* **Information supplied**
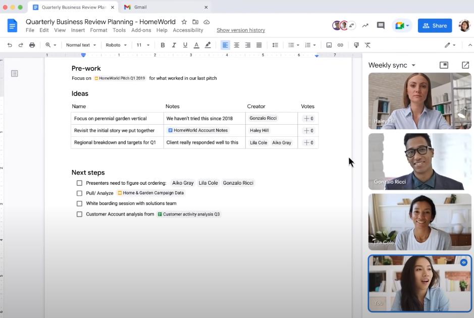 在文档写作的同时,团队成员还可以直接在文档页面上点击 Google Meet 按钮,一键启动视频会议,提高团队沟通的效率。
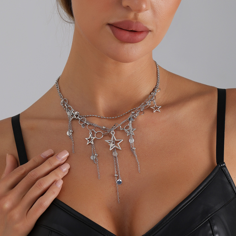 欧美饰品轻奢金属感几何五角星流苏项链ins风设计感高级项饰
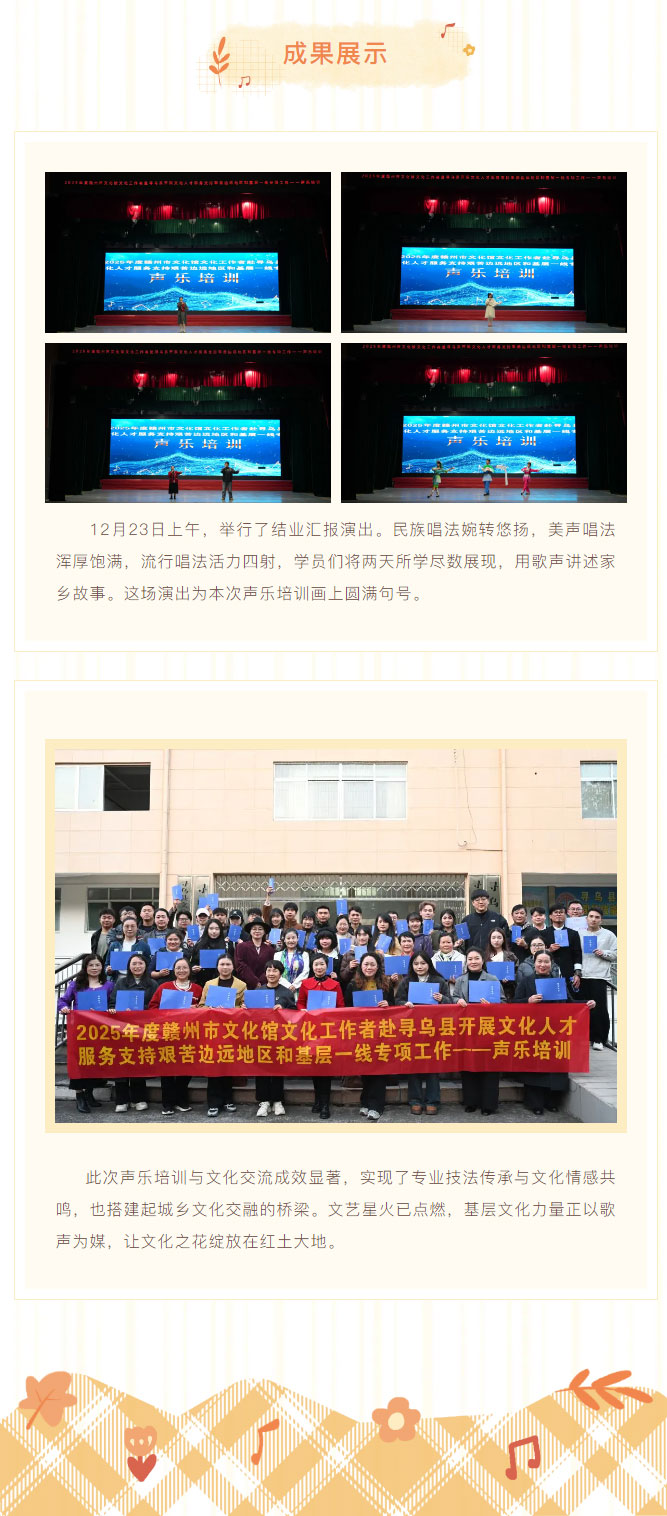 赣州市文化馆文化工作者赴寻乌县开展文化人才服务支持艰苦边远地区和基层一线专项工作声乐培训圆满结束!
* * *
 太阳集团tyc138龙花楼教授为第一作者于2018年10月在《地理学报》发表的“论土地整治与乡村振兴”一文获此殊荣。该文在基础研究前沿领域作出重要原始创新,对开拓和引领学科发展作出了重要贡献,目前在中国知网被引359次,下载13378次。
---
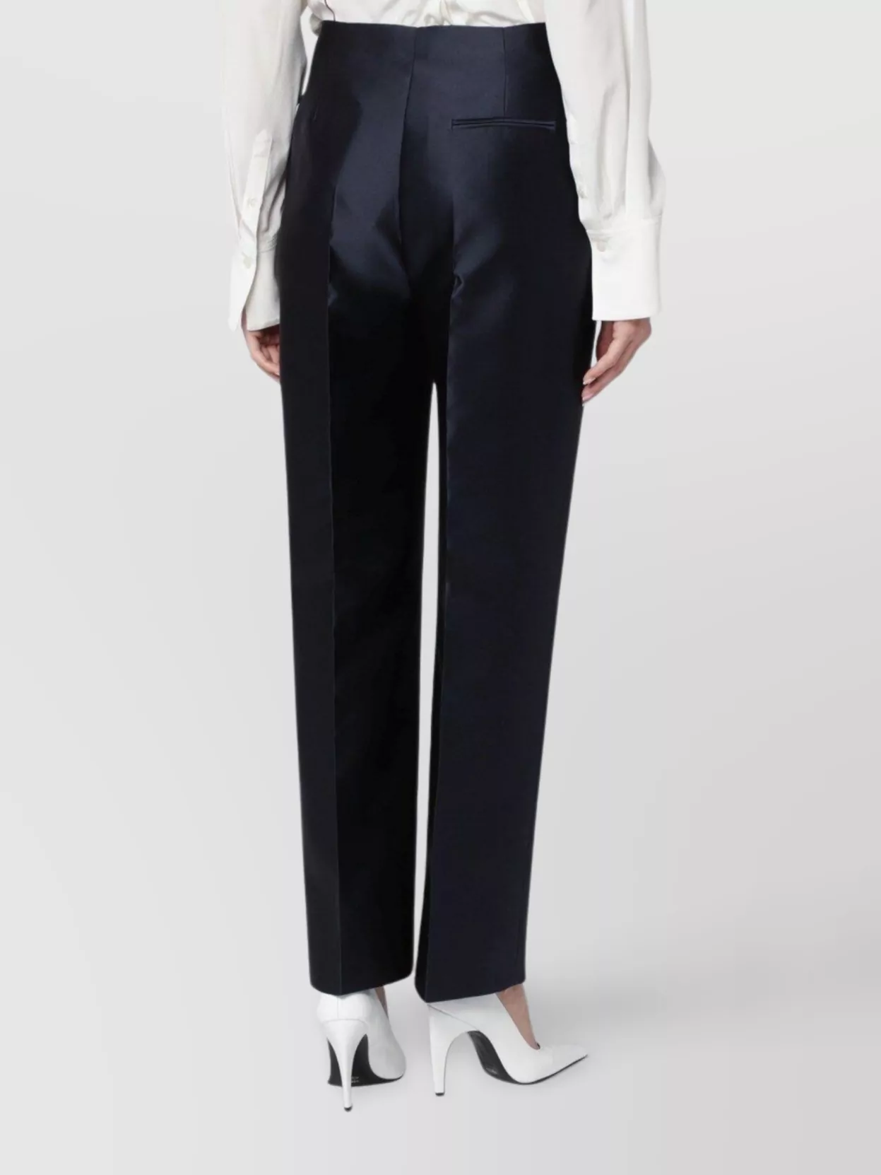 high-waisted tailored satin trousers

* **Problem details**
With pictures omitted, repeat the entries above word for word from the line holding "在文档写作的同时,团队成员还可以直接在文档页面上点击 Google Meet" down to the line holding "赣州市文化馆文化工作者赴寻乌", keeping both of those lines.

* **Response**
 在文档写作的同时,团队成员还可以直接在文档页面上点击 Google Meet 按钮,一键启动视频会议,提高团队沟通的效率。
 欧美饰品轻奢金属感几何五角星流苏项链ins风设计感高级项饰
 赣州市文化馆文化工作者赴寻乌县开展文化人才服务支持艰苦边远地区和基层一线专项工作声乐培训圆满结束!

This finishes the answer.